After carrying out a forest farm survey, we selected 12 permanent plots, each with an area of 667 m2 and in a 33-year-old P. massoniana plantation. These plots shared uniform site conditions, stand ages, and management history, making them ideal candidates for crop-tree thinning. Nine of these plots were used for the crop-tree thinning treatment, which was begun in January 2015. Six, nine, and twelve P. massoniana were selected as the crop trees in each plot, labeled WA, WB, and WC, respectively (Figure 1), and each treatment was repeated three times. Concurrently, we set up three control plots (WCK) devoid of crop-tree thinning to serve as reference points for comparison. We employed specific criteria to identify suitable crop trees, selecting trees that closely matched the average diameter at Breast height (DBH) of the stand, had straight trunks, exhibited vigorous growth, and were devoid of pests and diseases. The selected trees were located within the primary forest [5]. Any tree that impeded the growth of the crop trees was labeled an interference tree. Interference trees were identified as those whose crowns touched the surrounding dominant or sub-dominant trees at a certain distance, competing with the crop trees for sunlight and upward-growth space. Boundary trees were those on the boundary of the sample plot. After the interference trees were cut down, trees on the plot that were not considered crop trees or boundary trees were labeled general trees. To initiate the thinning process, we felled interfering trees on the three plots of different crop-tree densities. The resultant stand density after crop-tree thinning averaged around 1000 N/ha, but the crop-tree densities were different, at 100 N/ha, 150 N/ha, and 200 N/ha, respectively. An overview of the sample plot is shown in Table 1.

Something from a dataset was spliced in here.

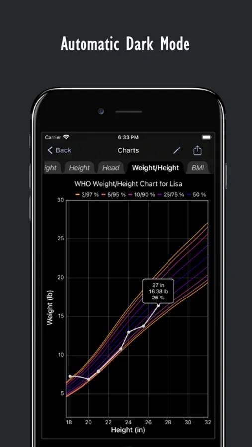 Record multiple children's weight, height, and head circumference measurements and use them to generate growth charts from birth to age 20.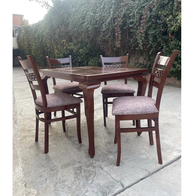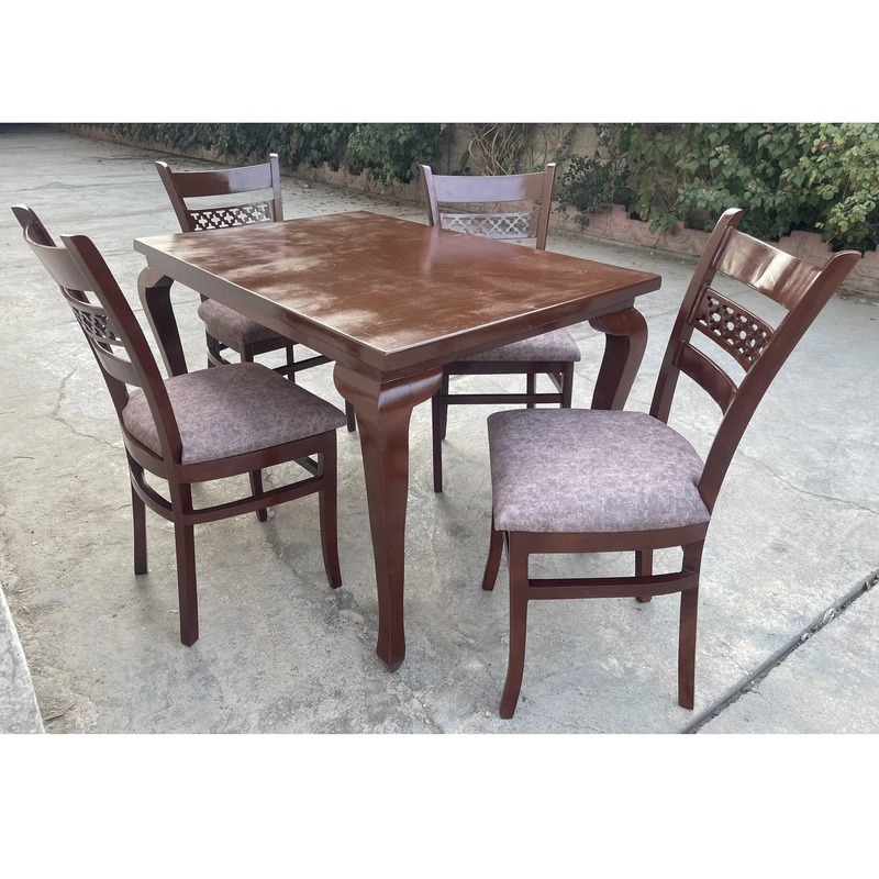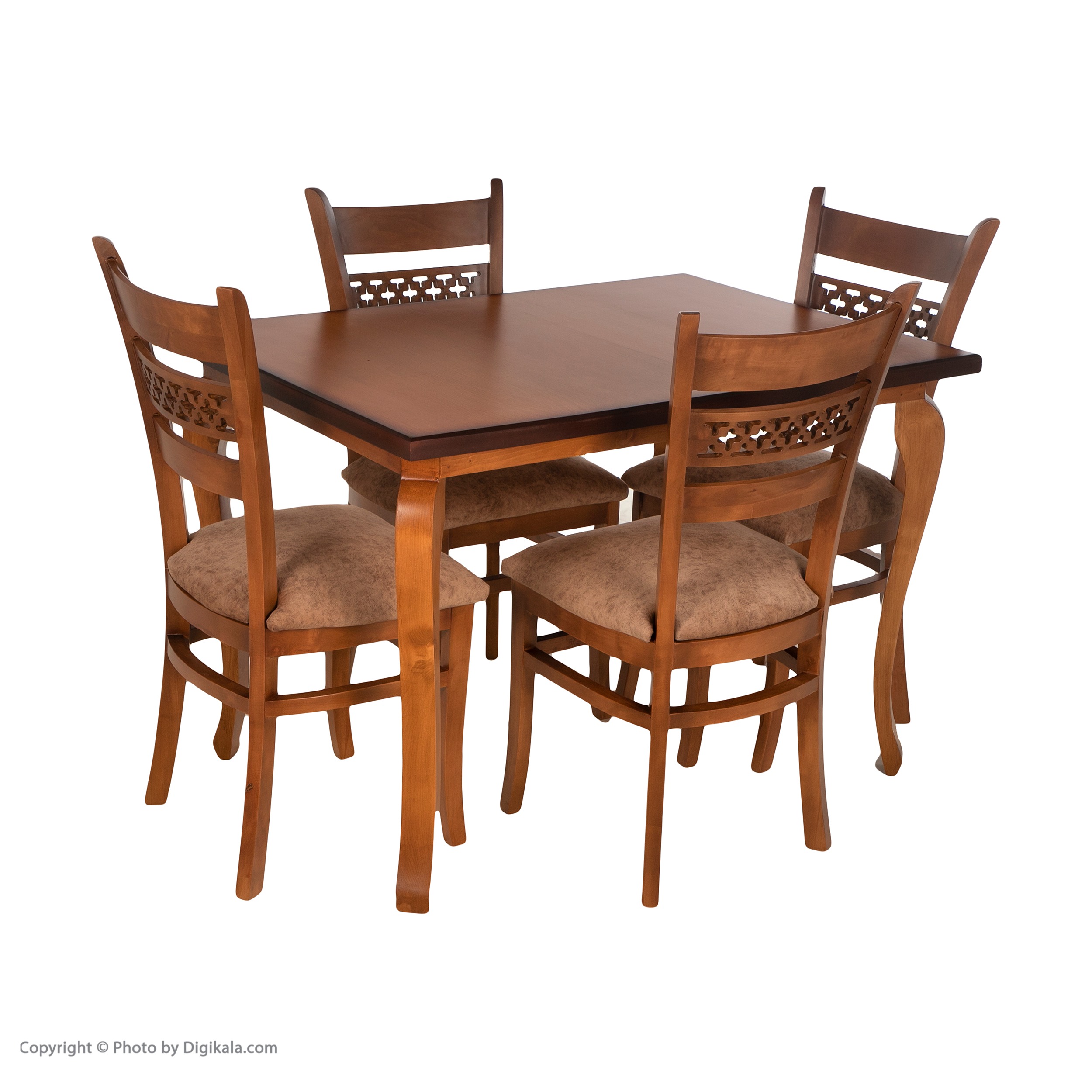 میز فوق از جنس چوب راش گرجستان با صفحه mdf میباشد رنگ قسمت های چوبی میز و صندلی ها در تمام سفارشات ارسالی ثابت میباشد که مطابق عکس ارسال میشود و تنوع انتخابی شما مربوط به رنگ پارچه نشیمنگاه میباشد.

2.2. Soil Sampling and Survey of Vegetation

In November 2022, after removing the litter, we utilized a soil drill with a diameter of 5 cm to collect random soil samples from the topsoil layer (0–10 cm depth) around five crop trees within each plot, maintaining a distance of 1.5–2.5 m from the tree trunk [26]. The collected soil samples underwent artificial uniform mixing and the elimination of any impurities, such as stones and residual plant roots. Following this, the soil-composite samples were divided into two parts for further analysis. The first part was placed in a sterile centrifuge tube for soil fungal-community (ITS) sequencing, and the second was used to determine the chemical properties of the soil. The soil bulk density (SBD) was assessed using the cutting-ring method [27].
Five small 5 m × 5 m squares were systematically arranged within each plot to serve as shrub squares. These squares were placed in the four corners and at the center of each plot. Additionally, ten 1 m × 1 m squares were set up in each plot as herb squares. A total of 60 shrub squares and 120 herb squares were established, allowing for a comprehensive study of plant species. For each shrub and herb quadrat, meticulous records were kept, including the species name, plant number per cluster, height, coverage, and crown width of each plant. To ensure accuracy, authoritative references such as the National Plant Specimen Resource Center (http://www.cvh.ac.cn, (accessed on 10th December 2022)) and “Flora Reipublicae Popularis Sinicae” [23] were consulted for plant identification. Then, we conducted a statistical analysis on the diversity index and importance value of shrubs and herbs. Based on the data collected during the sample plot survey, we calculated the importance value (IV) of the plants observed in each plot. Subsequently, we used this information to determine plant diversity, based on the richness (R), Simpson (D), Shannon–Wiener (H), and Pielou (J) indices [28], providing valuable insights into the ecological significance of the plant species within the study area.
IV = (Relative density + Relative frequency + Relative coverage)/3

2.3. Analysis of Soil Physical and Chemical Properties

Total nitrogen (TN) was measured using the semi-micro Kjeldahl method [29]; total phosphorus (TP) was determined using H2SO4–HClO4 digestion and HCl–H2SO4 extraction and analyzed using the molybdenum blue method; and total potassium (TK) was determined using flame photometry. In order to determine NO3 and NH4+, 5 g of fresh soil was added to 25 mL of a 2 mol L−1 KCl solution. After shaking for 45 min, the extractant was filtered through a Whatman 42 filter [24]. Soil organic matter (SOM) was determined through potassium dichromate oxidation colorimetry. Water and soil were mixed in a ratio of 1:2.5 and left to stand for 1 h, after which we measured the soil pH with an electronic pH meter.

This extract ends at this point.